■ **YOUR ASSIGNMENT**:
Can you copy out the data exactly? Leave the images out.

■ **GIVEN INFORMATION**:
'''
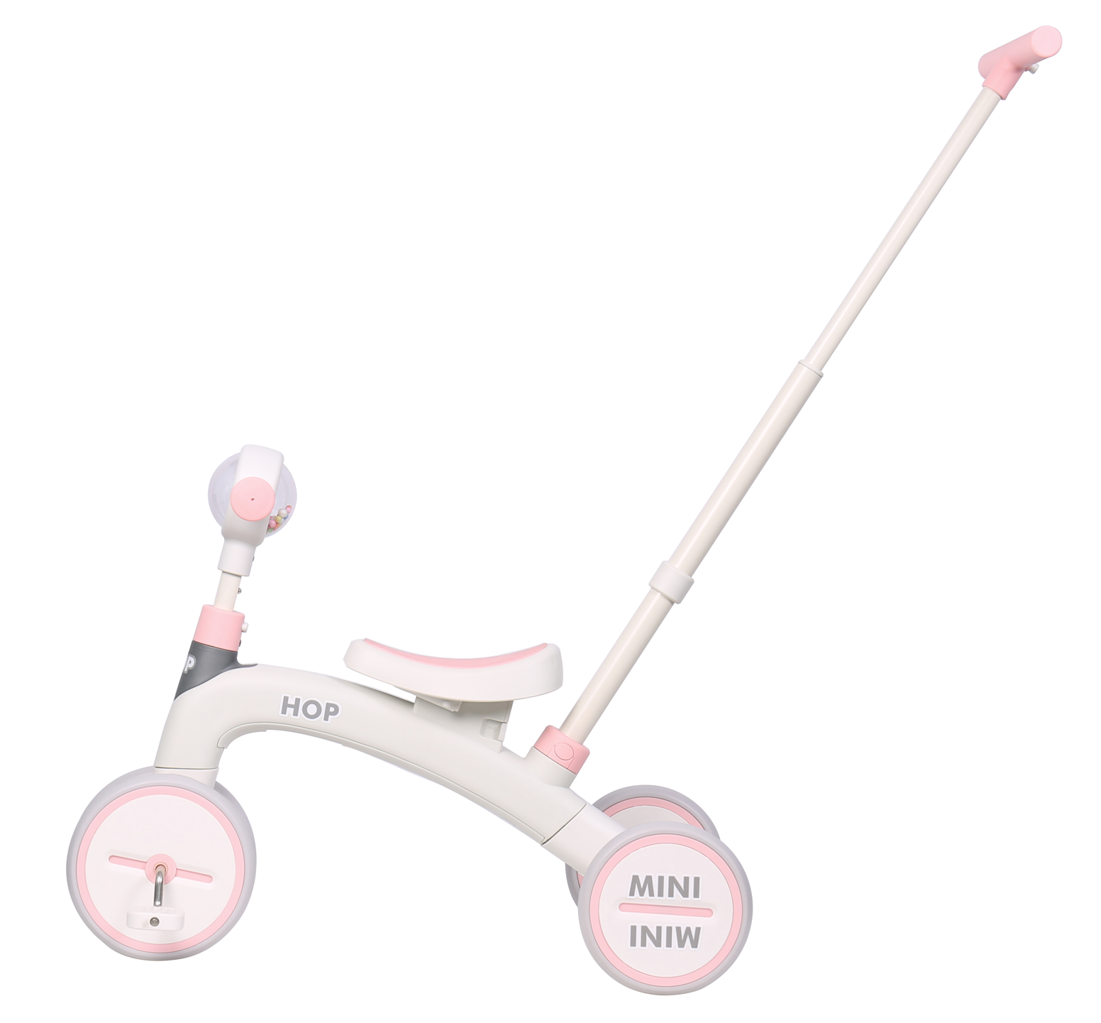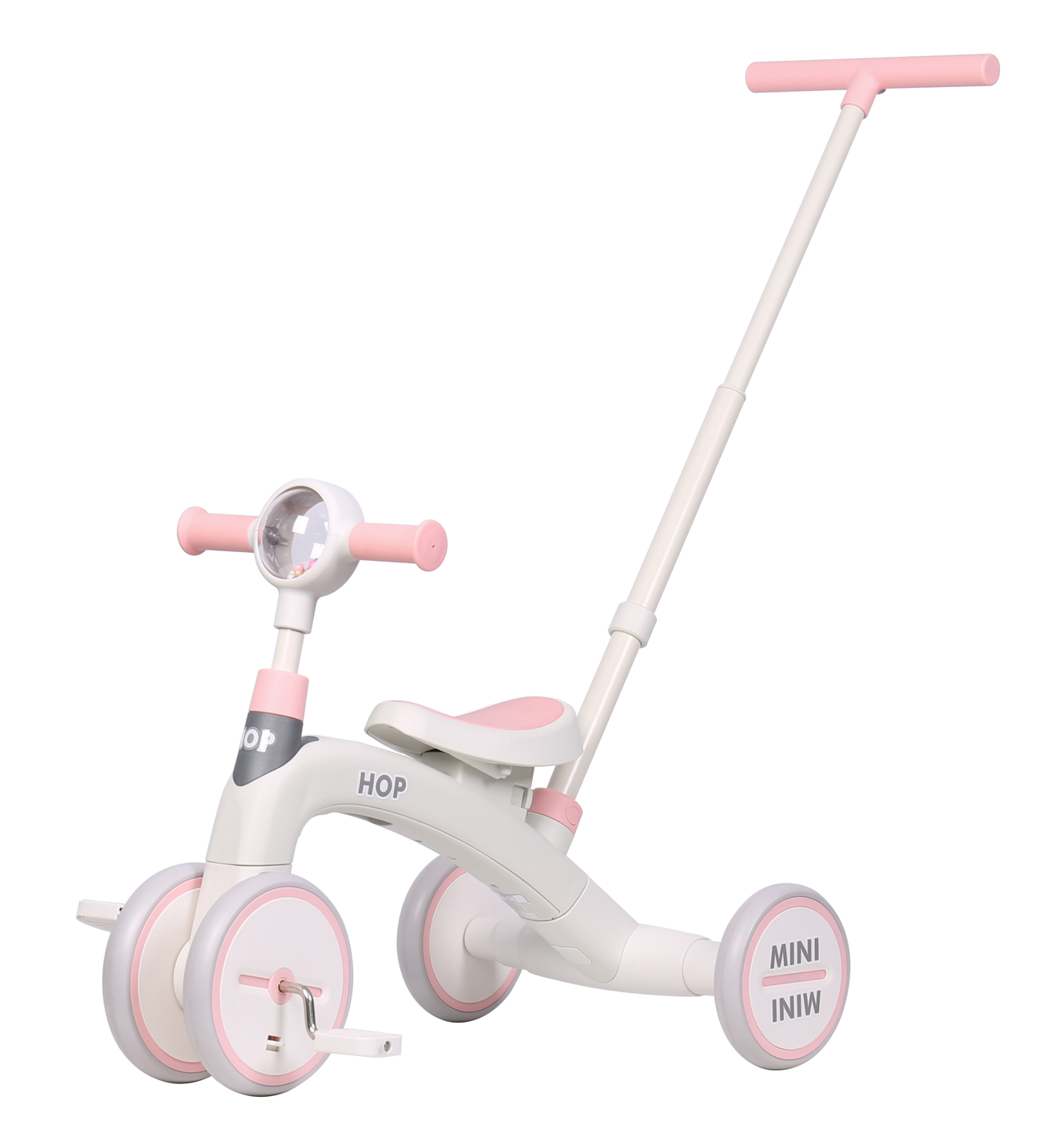 Беговел детский велосипед трехколесный каталка толокар с ручкой 4 в 1 HOP Mini бежевый/розовый информация:
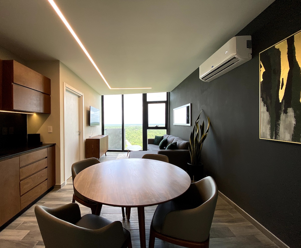 Loft en renta vacacional, ubicado en el piso 17, de Adamat Mérida, acondicionado para disfrutar de su vista desde cualquier ángulo , ya sea el comedor, sala o recámara, al interior del fraccionamiento residencial Cabo Norte donde encontrarás el más importante centro comercial de la ciudad, Plaza La Isla, a escasos 2 minutos caminando, además de lagos senderos para caminar, alberca, gimnasio, yoga room , game room, Sky Lounge, Roof garden y lavandería
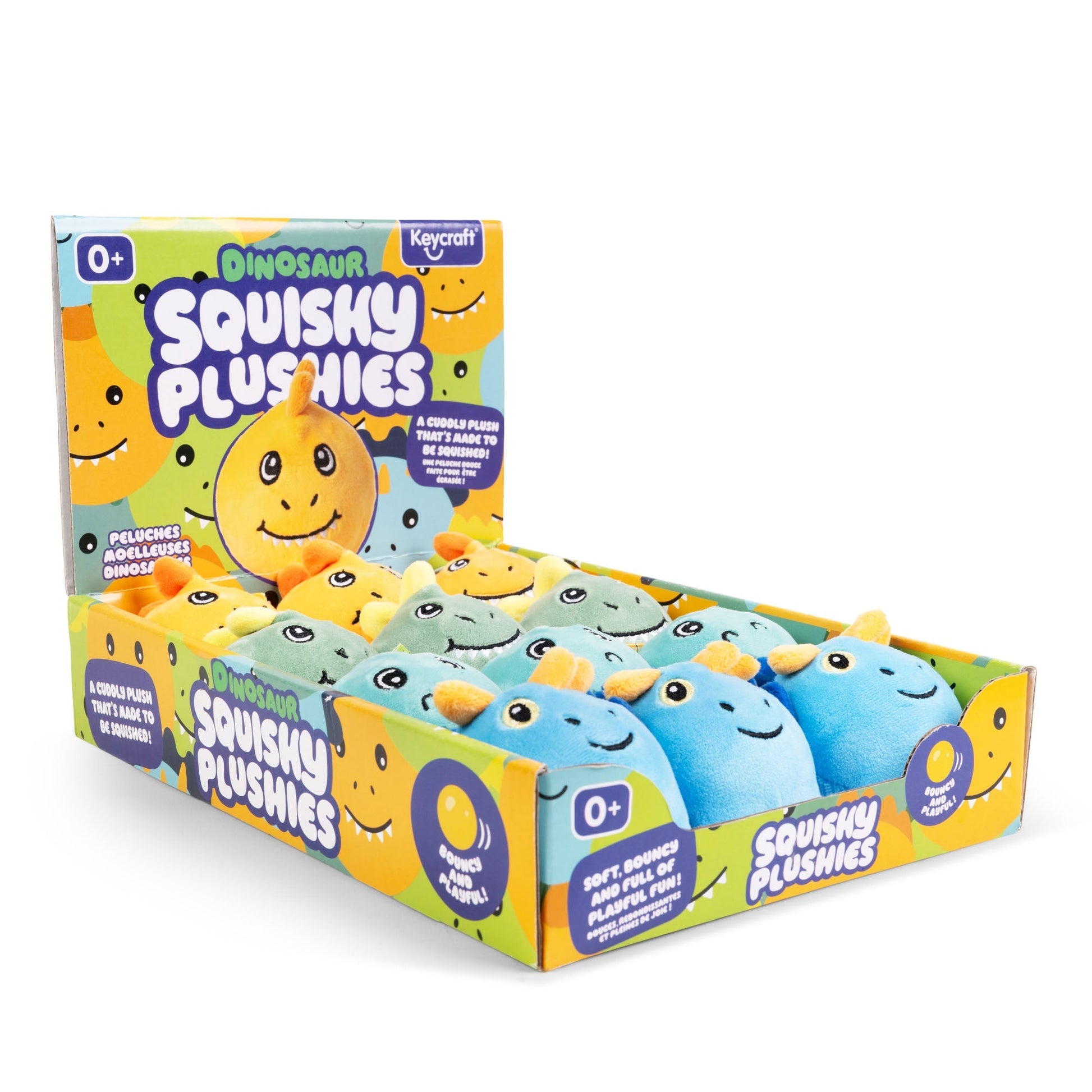 This charming collection of Dinosaur Squishy Plushies Sensory Toys, features adorable smiley faces, guaranteed to delight young visitors. Four colorful dinosaur designs, bring a collectable element that your customers will love. These adorable squishy dinosaur sensory toys are small enough to merchandise near your point of sale, and will arrive in an eye-catching counter display box. These irresistible sensory toys will drive impulse purchases and bring a smile to your customers faces!
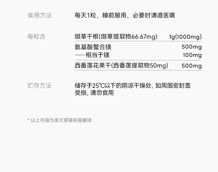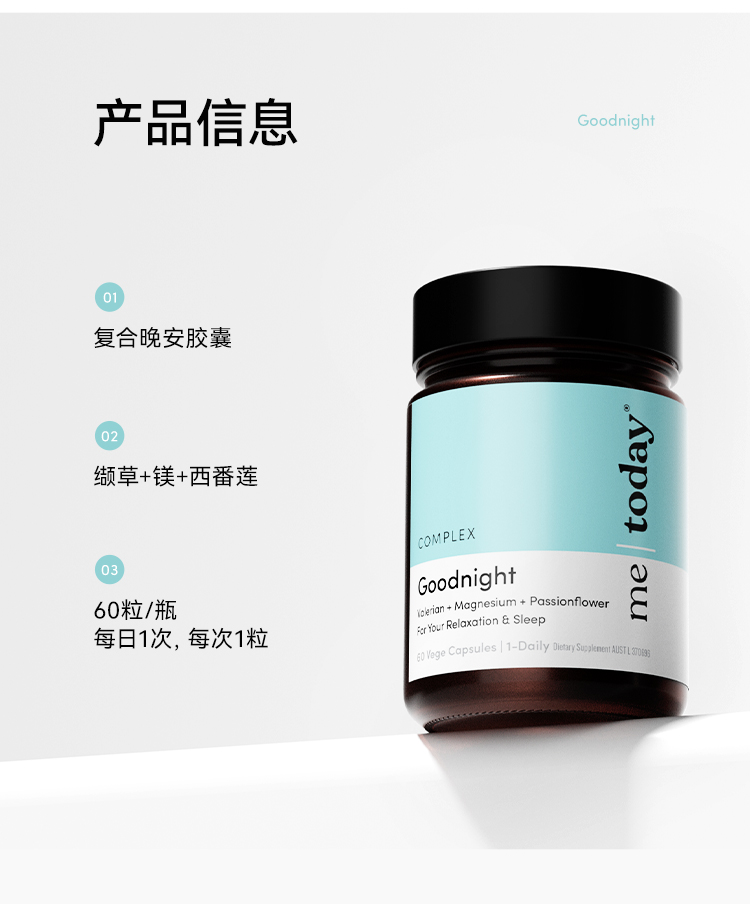 ²【MT新西兰进口晚安胶囊】缬草根1000mg+氨基酸螯合镁500mg+西番莲提取物50mg 60粒/瓶 HM02-CRMM-YYSJ
'''
■ **EXERCISE RESPONSE**:
 Беговел детский велосипед трехколесный каталка толокар с ручкой 4 в 1 HOP Mini бежевый/розовый информация:
 Loft en renta vacacional, ubicado en el piso 17, de Adamat Mérida, acondicionado para disfrutar de su vista desde cualquier ángulo , ya sea el comedor, sala o recámara, al interior del fraccionamiento residencial Cabo Norte donde encontrarás el más importante centro comercial de la ciudad, Plaza La Isla, a escasos 2 minutos caminando, además de lagos senderos para caminar, alberca, gimnasio, yoga room , game room, Sky Lounge, Roof garden y lavandería
 This charming collection of Dinosaur Squishy Plushies Sensory Toys, features adorable smiley faces, guaranteed to delight young visitors. Four colorful dinosaur designs, bring a collectable element that your customers will love. These adorable squishy dinosaur sensory toys are small enough to merchandise near your point of sale, and will arrive in an eye-catching counter display box. These irresistible sensory toys will drive impulse purchases and bring a smile to your customers faces!
 ²【MT新西兰进口晚安胶囊】缬草根1000mg+氨基酸螯合镁500mg+西番莲提取物50mg 60粒/瓶 HM02-CRMM-YYSJ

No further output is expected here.